Feb, 2020 19

Workshop with Arnaud Dewalque

Gianfranco Soldati Time: 14:00 - 18:00

The workshop will discuss 2 papers, in a mode of open discussion/work in progress:

Inclusive Consciousness: A Very Brief History

This paper contrasts two views of consciousness I call the narrow view and the inclusive view. Although this distinction bears on many contemporary issues, my main goal is historical. I want to argue that the inclusive view of consciousness (IC) was overarching in late 19th and early 20th century and was replaced at some point by the narrow conception, which later became the default view in philosophy of mind. The paper has four sections. Section 1 introduces the distinction between the narrow and the inclusive view of consciousness.
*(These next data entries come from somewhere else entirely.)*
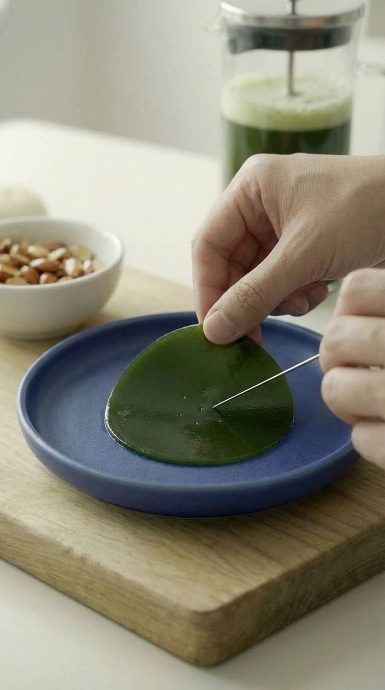 A.3. 制作隐藏深海香气凝胶片 (约15分钟): 将20毫升裙带菜提取物、1克海苔粉和0.5克琼脂粉混合。小火加热至约85-90°C,搅拌至琼脂完全溶解(约2-3分钟)。倒入一个极浅的平盘中,使其形成约1毫米厚的薄片。放入冰箱冷藏10分钟至完全凝固。凝固后,用模具或小刀切成直径约5厘米的圆形薄片,备用。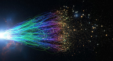 Dynamic and colorful particle collision in the vastness of space, featuring vibrant cosmic patterns, flowing energy, and galactic elements of physics and astronomy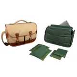 De buitenmaten van de fototas zijn 360mm x 160mm x 250mm en de inhoud is 6 liter. Het hoofdvak heeft de afmetingen 270mm x 100mm x 210mm. De tas is smaller aan de boven- en onderkant. De breedte is op het smalste punt ongeveer 270mm. De voering van deze cameratas is olijfgroen van kleur en wordt geleverd met een gewatteerd inzetstuk met meerdere losse dividers. In de tas kun je een kleine tot middelgrote DSLR- en systeemcamera's met 2 à 3 kleine tot middelgrote objectieven veilig opbergen en beschermen. Denk aan een Canon 5D MkIV (zonder batterijgrip), een spiegelloze camera zoals de Fujifilm X-T4, Sony a9ii, Canon R5 of de Nikon Z-7ii. Aan de achterkant van het uitneembare inzetstuk bevindt zich een gevoerde ruimte voor een 11 inch iPad of een vergelijkbaar kleiner apparaat. Het inzetstuk met dividers is uitneembaar waardoor je deze tas ook in enkele seconden om kunt toveren in een casual tas met een inhoud van 9 liter.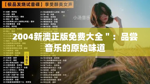 随着数字化时代的到来,音乐的传播形式和消费方式发生了翻天覆地的变化。在互联网的浪潮中,音乐的获取变得前所未有的便捷,但也随之带来了版权保护的挑战。为了保护音乐创作者的权益,同时让更多人能够享受到正版音乐的魅力,“2004新澳正版免费大全”项目应运而生。

Section 2 traces the origins of IC back to a significant debate internal to Scottish philosophy. Section 3 offers textual evidence that IC was shared by early phenomenologists and early analytic philosophers alike. And Section 4 briefly addresses the sources of the narrow conception of consciousness in C.I. Lewis and the Vienna Circle.

An Experiential Notion of Knowing

The paper contrasts two ways of understanding the notion of knowing, namely, as a disposition and as an experience. Then it is argued that experientially knowing that p is best understood in terms of self-evidently judging that p, where self-evidence and judging are phenomenal primitives.